On sait que l’entraînement intensif provoque une augmentation de la densité des petits vaisseaux sanguins dans les muscles du corps et dans le muscle cardiaque. Si une adaptation similaire se produisait dans la paroi des bronches, l’air inhalé serait mieux réchauffé et humidifié, limitant ainsi la déshydratation des voies respiratoires, fait valoir le professeur Boulet. Cette adaptation aurait toutefois un prix. La dilatation des vaisseaux et l’augmentation du flot sanguin pourraient favoriser la libération de molécules pro-inflammatoires et la formation d’oedème entravant le passage de l’air dans les bronches, ce qui expliquerait les problèmes respiratoires des athlètes.

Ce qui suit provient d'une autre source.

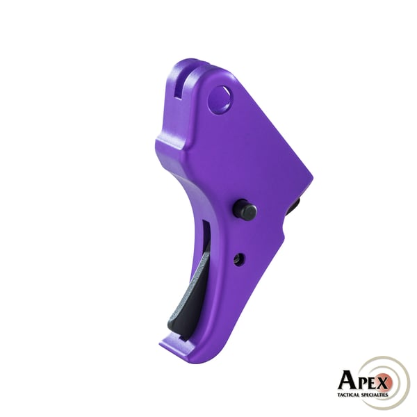 The Apex Action Enhancement Purple Trigger for the M&P Shield directly replaces the factory hinged trigger with a solid aluminum trigger body. The trigger reduces trigger pre-travel and over-travel by approximately 20%. It features a smooth face with a center mounted pivoting safety. The center mounted pivoting safety bar prevents unintended operation by creating a trigger block that will not disengage unless the shooter places their finger directly on the trigger face. The smooth face trigger causes the shooter to place their finger on the center line of the trigger and encourages trigger manipulation directly in line with the bore axis. The Action Enhancement Trigger is perfect for use with the M&P Shield already equipped with the Apex Duty/Carry Kit.
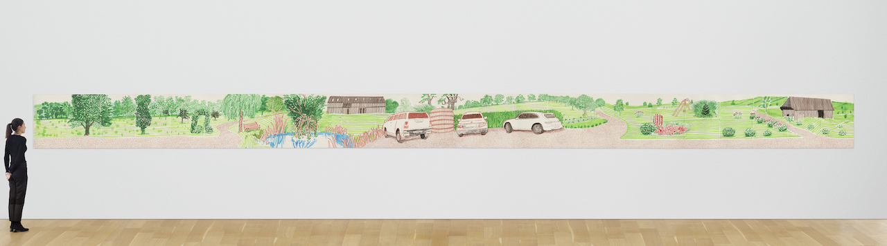 Hay un lote especial en venta en Christie’s, online, del 17 al 31 de marzo. Y expuesto, en las galerías de la casa en Londres, hasta el 31 de marzo. Se trata de una de las obras más grandes jamás realizadas por David Hockney, de nada menos que 12 metros de largo, impresa en una sola hoja de papel, además de ser su mayor estampa en edición. ¿El tema? La casa del artista en Normandía, en Francia, con el jardín en pleno verano: los verdes vibrantes de la hierba, los árboles y los setos contrastan con la arquitectura de los graneros medievales y con elementos contemporáneos como un columpio, una casa en el árbol y algunos vehículos estacionados. «Con Autour de la maison, été», explica James Baskerville, International Head of Contemporary Edition de Christie’s, «Hockney amplía las posibilidades de la estampa hasta una escala casi cinematográfica. La obra alcanza una extraordinaria extensión de doce metros y está realizada sobre una única hoja, invitando así al espectador a desplazarse por el jardín del artista como si estuviera leyendo un friso pictórico continuo».
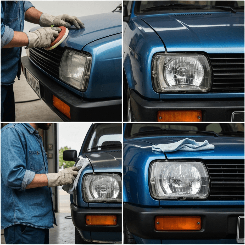 シャレードソシアルはヘッドライトの黄ばみとボディの鉄粉が第一印象を損ねます。研磨+鉄粉除去クリーナー+ワックスで輝きを取り戻せば「程度良好」と判断され+4~7万円の効果。
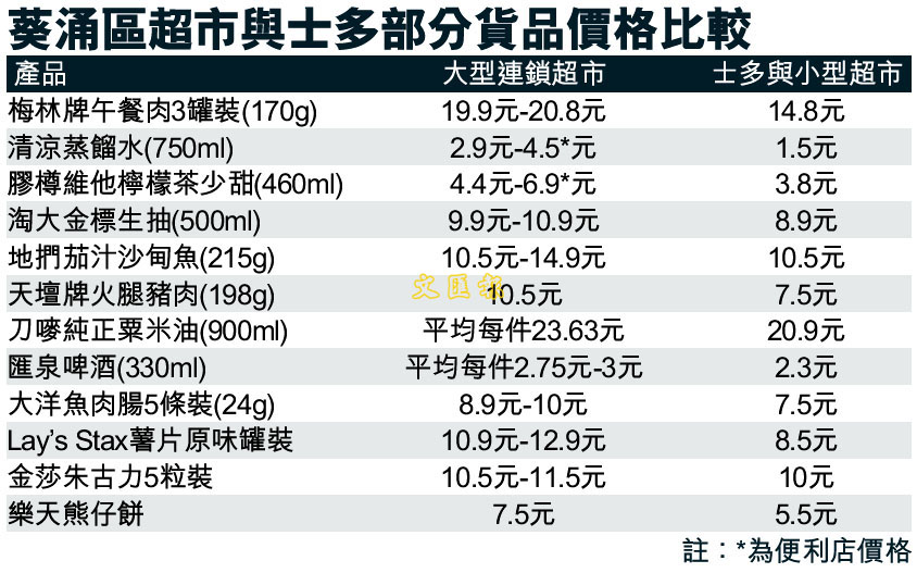 葵涌區超市與士多部分貨品價格比較 (圖)
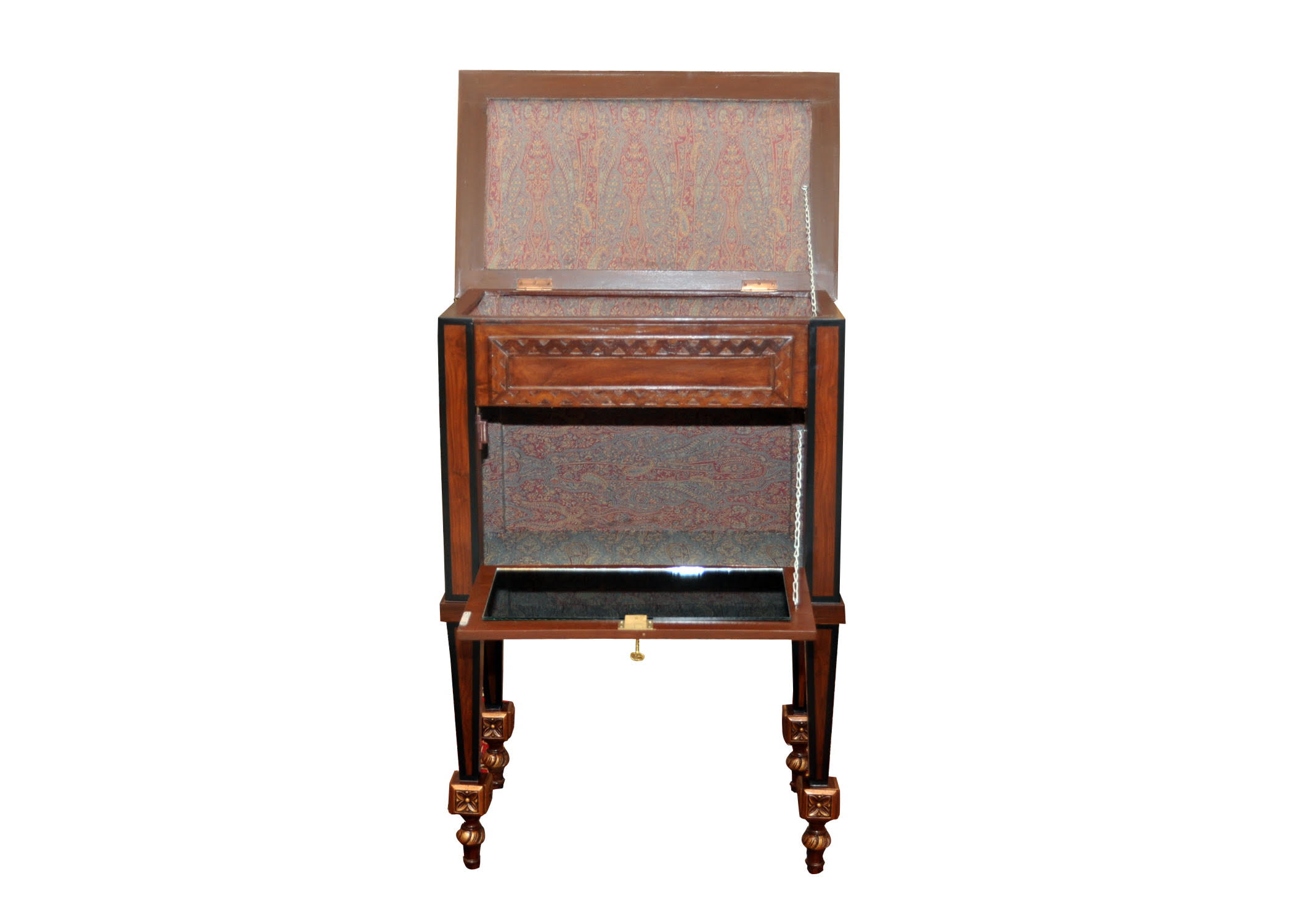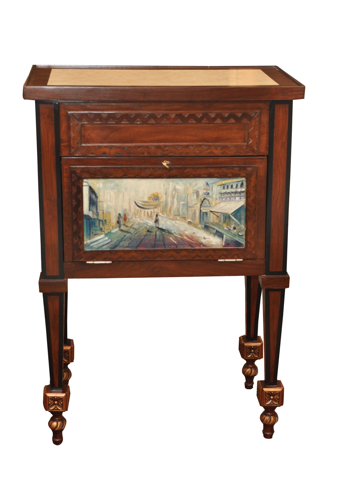 High legged cabinet with a closing top, a lockable Hand-painted door which opens into a storage jamavaar space. Multiple different finishes of wood polished to shisham to create a grand look. Inside the lid is mirror to add depth to the space. Handpainting has been done by a dumb man, to appreciate his talent.

Pour tester cette hypothèse, les chercheurs ont invité à leur laboratoire 23 athlètes et 23 sujets peu actifs. Chaque groupe était composé de 12 participants qui présentaient des symptômes d’asthme ou d’hyperréactivité bronchique (une condition souvent pré-asthmatique) et de 11 sujets qui en étaient exempts. À l’aide d’une sonde, les chercheurs ont mesuré la température de l’air inhalé et celle de l’air expiré par chaque participant pendant et après un test d’hyperventilation de 6 minutes. Résultat? Le passage de l’air dans les voies respiratoires s’est traduit par un réchauffement moyen de 5,8 °C pendant le test et de 4,7 °C pendant les 30 minutes suivantes. Toutefois, ces valeurs étaient similaires dans les quatre groupes de sujets.

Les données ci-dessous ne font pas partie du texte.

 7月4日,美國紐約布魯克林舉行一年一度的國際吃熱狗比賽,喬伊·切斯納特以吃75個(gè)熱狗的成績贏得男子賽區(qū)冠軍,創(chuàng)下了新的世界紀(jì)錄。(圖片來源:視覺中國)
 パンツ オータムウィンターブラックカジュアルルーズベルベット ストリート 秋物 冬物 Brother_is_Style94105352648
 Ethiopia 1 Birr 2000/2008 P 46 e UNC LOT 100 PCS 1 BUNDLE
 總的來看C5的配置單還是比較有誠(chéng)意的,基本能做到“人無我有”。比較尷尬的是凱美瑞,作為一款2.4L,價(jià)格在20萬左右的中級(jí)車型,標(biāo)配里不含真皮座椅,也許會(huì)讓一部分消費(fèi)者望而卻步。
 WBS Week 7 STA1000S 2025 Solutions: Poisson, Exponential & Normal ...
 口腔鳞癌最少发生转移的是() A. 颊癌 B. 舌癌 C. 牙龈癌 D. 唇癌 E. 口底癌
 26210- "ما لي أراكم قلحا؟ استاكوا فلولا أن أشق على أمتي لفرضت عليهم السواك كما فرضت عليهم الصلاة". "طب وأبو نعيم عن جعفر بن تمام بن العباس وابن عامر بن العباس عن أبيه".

«Il ne semble pas exister de mécanisme adaptatif permettant aux athlètes de mieux réchauffer et humidifier l’air pour prévenir la déshydratation des muqueuses respiratoires, résume le professeur Boulet. Lors d’une activité physique intense, les athlètes d’élite peuvent inhaler jusqu’à 200 litres d’air à la minute, soit 40 fois plus qu’une personne au repos. Quand la température est très froide et que l’air est sec, leurs voies aériennes subissent un stress très important, ce qui explique pourquoi tant d’athlètes doivent prendre des bronchodilatateurs et des anti-inflammatoires. C’est loin d’être un caprice, parce qu’il y a véritablement une atteinte au système respiratoire.»

Alex Harvey

Les athlètes d'élite comme Alex Harvey peuvent inhaler jusqu'à 200 litres d'air à la minute. Quand la température est froide et que l'air est sec, leurs voies respiratoires subissent un stress très important.